All applicable federal, state or local sales, use or excise taxes are the responsibility of the Purchaser and shall be in addition to the price or prices stated on the front side of this document unless otherwise specifically stated. AW-Lake Company shall have the right to invoice separately any such tax as may be imposed at a later time. Applicable tax exemption certificates must accompany any order to which the same applies.
(a) CASH PAYMENT: Net 30 days. A service charge at the lesser of the rate of 1.5% per month or the highest rate permissible under applicable law, calculated daily and compounded monthly on balances which are over 30 days.
(b) F.O.B.-Shipping Point unless otherwise stated.
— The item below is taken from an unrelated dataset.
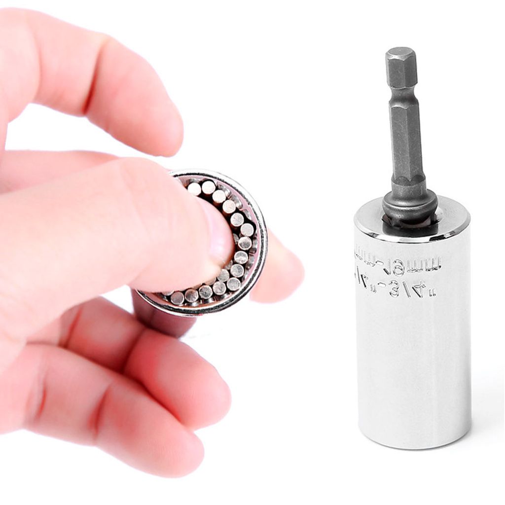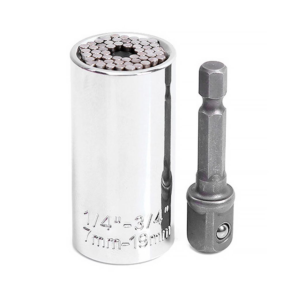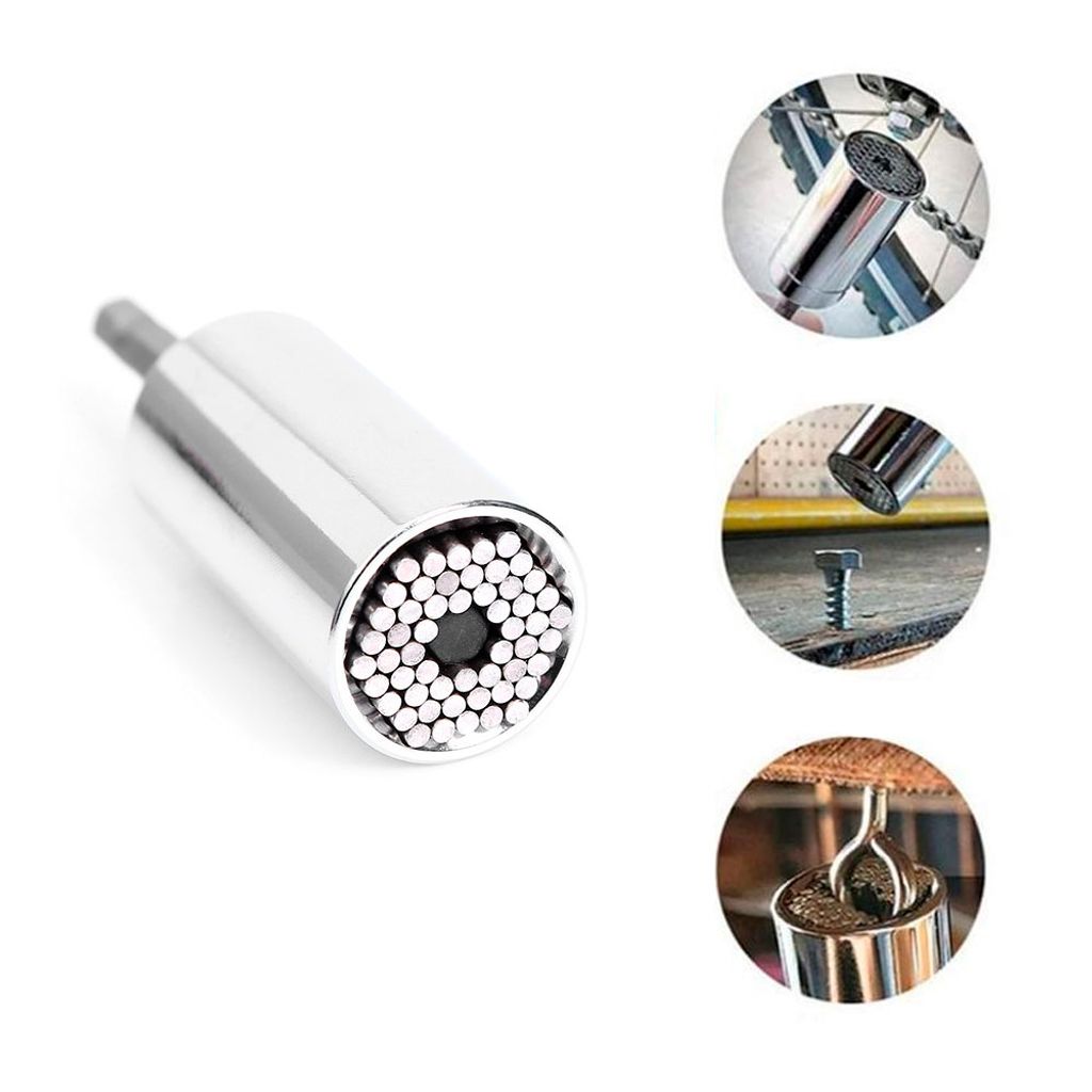 Förenkla dina reparations- och monteringsprojekt med denna smarta och mångsidiga universalhylsa. Perfekt för att hantera muttrar och skruvar i varierande storlekar och former, från 7 mm till 19 mm. Hylsan är utrustad med fjäderbelastade stålpinnar som anpassar sig till formen på föremålet för en perfekt passform och enkel användning.

(c) Title and risk of loss passes to Purchaser upon delivery of the products at the shipping point. As collateral security for the payment of the purchase price of the products, Purchaser hereby grants to AW-Lake Company a lien on and security interest in and to all of the right, title and interest of Purchaser in, to and under the products.